Un aspecto muy relevante a discutir en torno a la elección es el papel de las encuestas, en profunda crisis de credibilidad. Independientemente del tamaño de los yerros —algunas se acercaron más que otras a los resultados—, el papel de la industria en su conjunto fue deplorable. También es un horror esa pésima costumbre de los políticos mexicanos de declararse todos ganadores al término de la jornada electoral, sin esperar a ningún resultado oficial, ni siquiera preliminar. ¿Habría quizá que considerar agregar al catálogo de delitos electorales esta práctica antidemocrática, tan irresponsable e irrespetuosa hacia la ciudadanía?
Vayamos ahora a los resultados y escenarios previsibles. Lo obvio e histórico: por primera vez en la historia del país habrá una mujer presidenta. Y, con ella, vendrá la instauración (¿o reinstauración?) de un sistema político novedoso para buena parte de la ciudadanía, que no conoce lo que es vivir en un régimen hegemónico, como fue el PRI desde su fundación, en 1929, y hasta fines de la década de los 80 del siglo pasado. Se puede prever un retorno a esa época. Ciertamente, no será un totalitarismo —la oposición será, al menos en el arranque, tolerada—, pero sí puede albergarse el temor fundado de que caminaremos, con terreno pavimentado, hacia un sistema que no tiene sitio en el catálogo de los regímenes democráticos, sino en el de los autocráticos.
El veredicto de las urnas fue contundente. Pudieron o no haber sido considerados los pésimos resultados del gobierno saliente en múltiples asignaturas; pero, en definitiva, no fueron determinantes para frenar la conformación de una nueva mayoría monocolor aplastante, sin contrapesos en el legislativo y con una gubernatura más. La política clásica se impuso: la propaganda gubernamental, las dádivas clientelares y el discurso del miedo sobre la pérdida de programas sociales.
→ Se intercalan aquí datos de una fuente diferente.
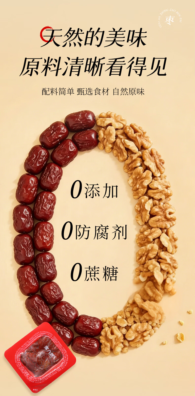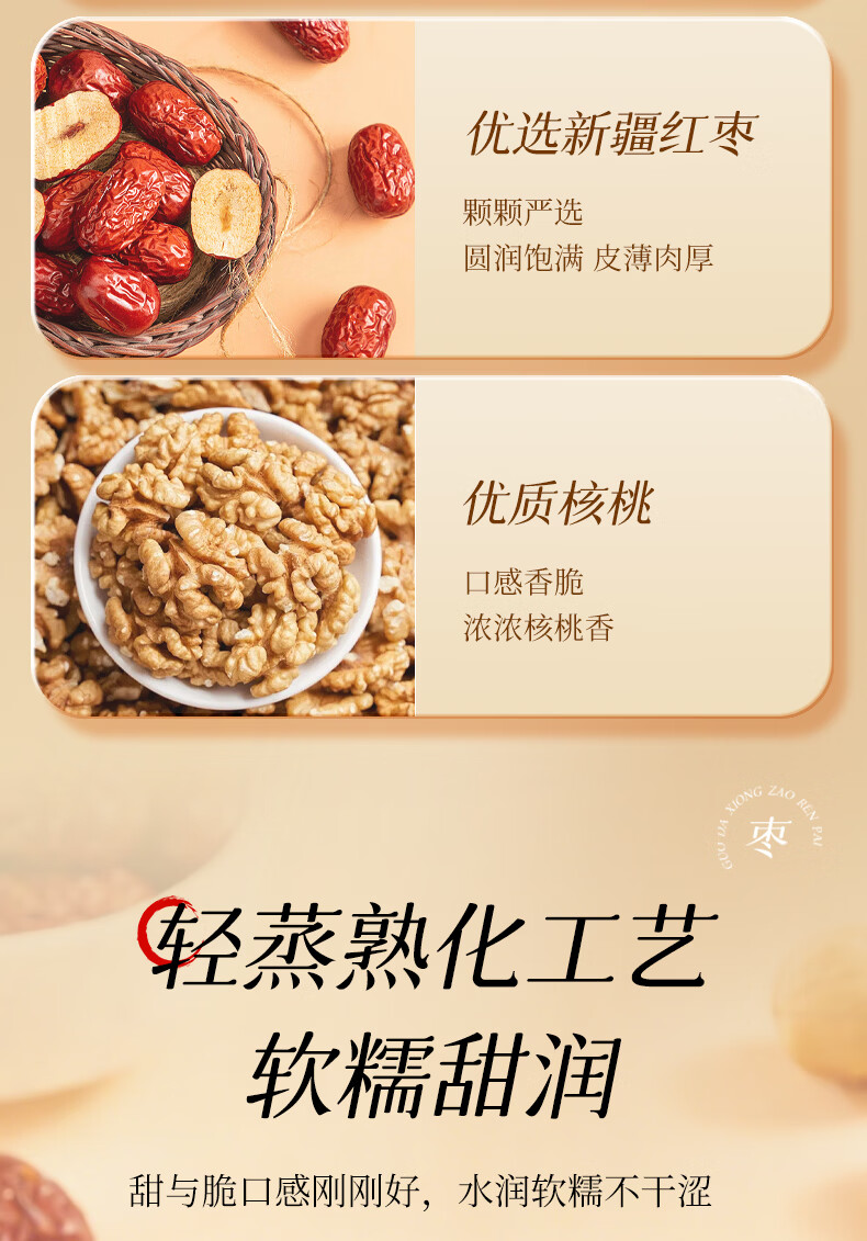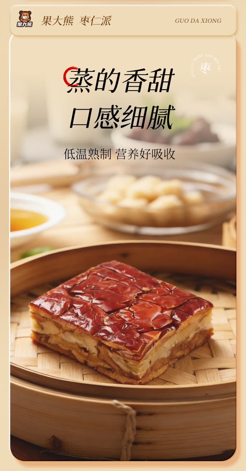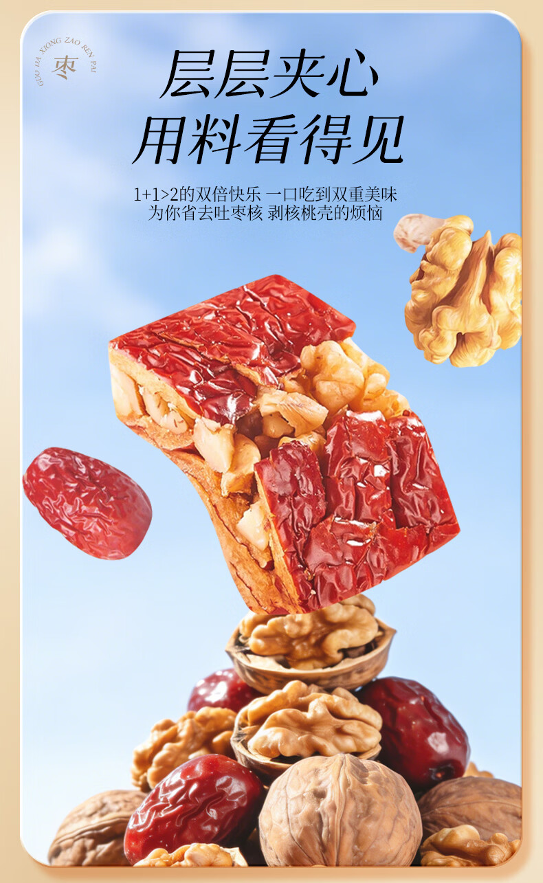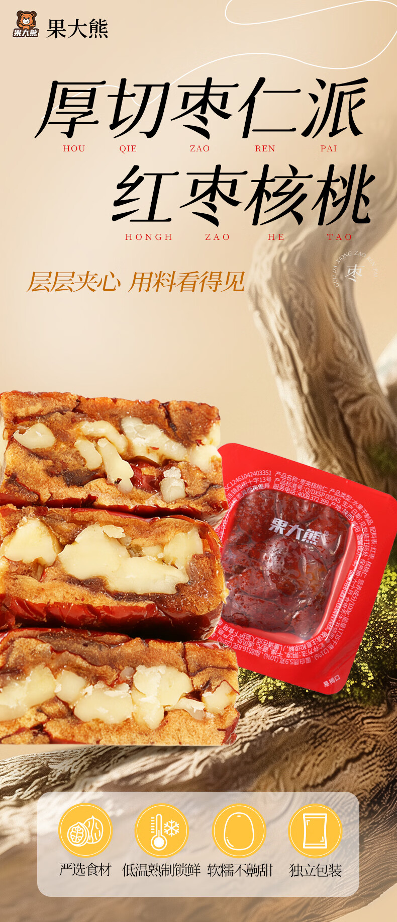 果大熊原味枣仁派新疆红枣独立包装解馋代餐营养休闲小零食春游露营 750g(3袋超值装)
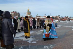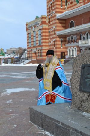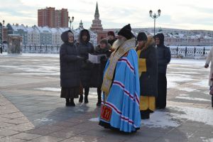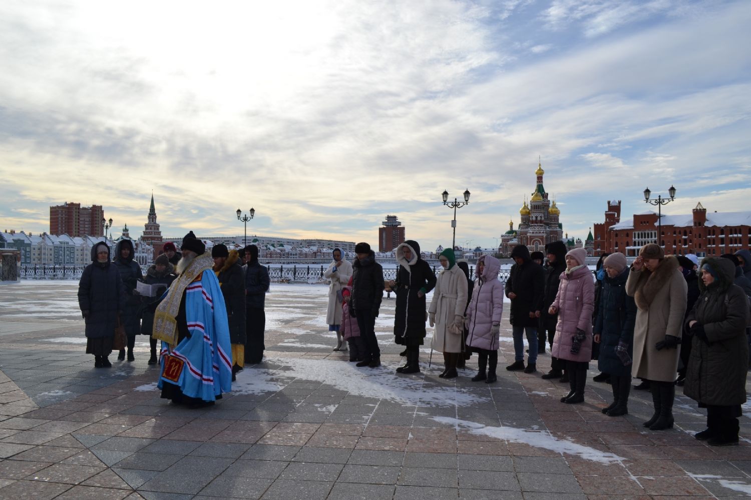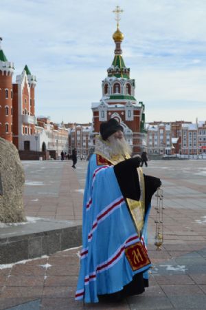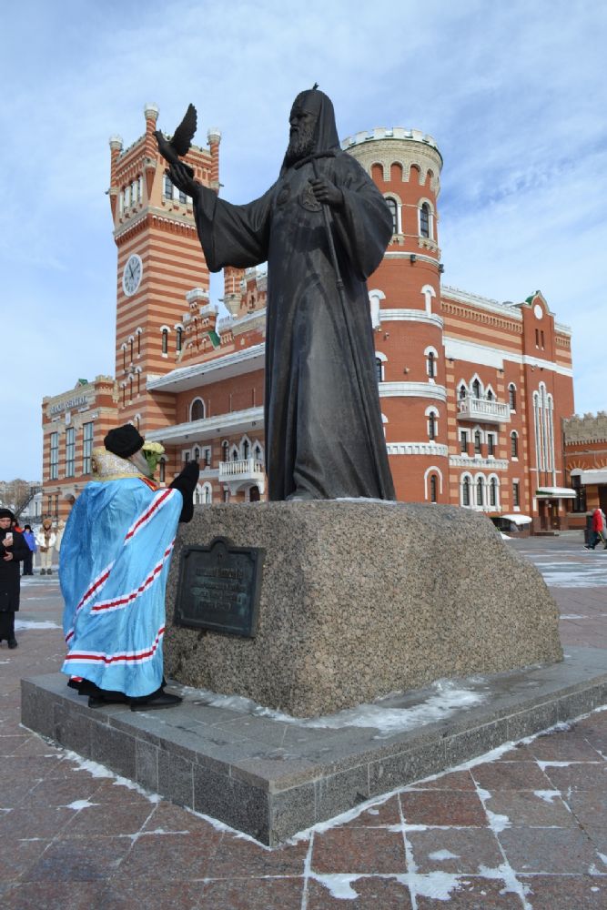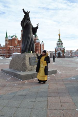 Затем верующие прошли к памятнику Святейшему на Патриаршей площади Йошкар-Олы, где митрополит Иоанн в сослужении диакона Андрея Дружинина совершил заупокойную литию и возложил цветы к подножию памятника.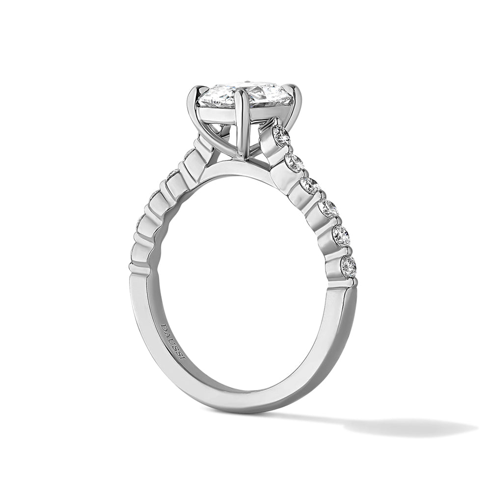 Henri Daussi 18K White Gold Cushion Cut Diamond Solitaire Ring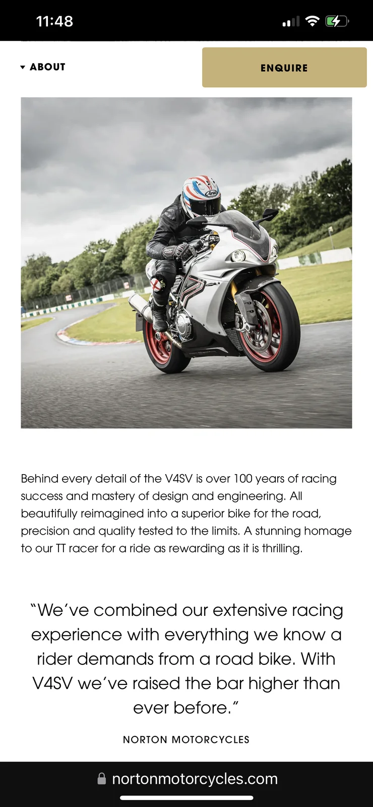 I really can't see where the £42k has gone tbh. They "inherited" the V4 when they bought the company. The previous reasoning for the price tag was its a bike developed at the TT over several generations of race bike etc etc blah blah blah. But TVS have done none of that, they've just picked up where Norton left off, essentially with a bike that was 75% there. For me, it's still a beutiful bike and if the TVS version rides like the Donington version, then the chassis will have excellent road manners....hopefully they've tuned the fueling though, as that was pretty "raw" (a term used by journalists when they're saying something aint finished yet).

Habrá algunas diferencias con la antigua hegemonía priista: una memoria colectiva —que se tendrá que cultivar— sobre lo que significa vivir en democracia; la naturaleza distinta de los nuevos “partidos satélites” y, muy importante, la batalla por la defensa de la libertad contra mayorías despóticas, que inquebrantablemente tendrán que librar la ciudadanía y la oposición política, por más vapuleada que ésta haya quedado.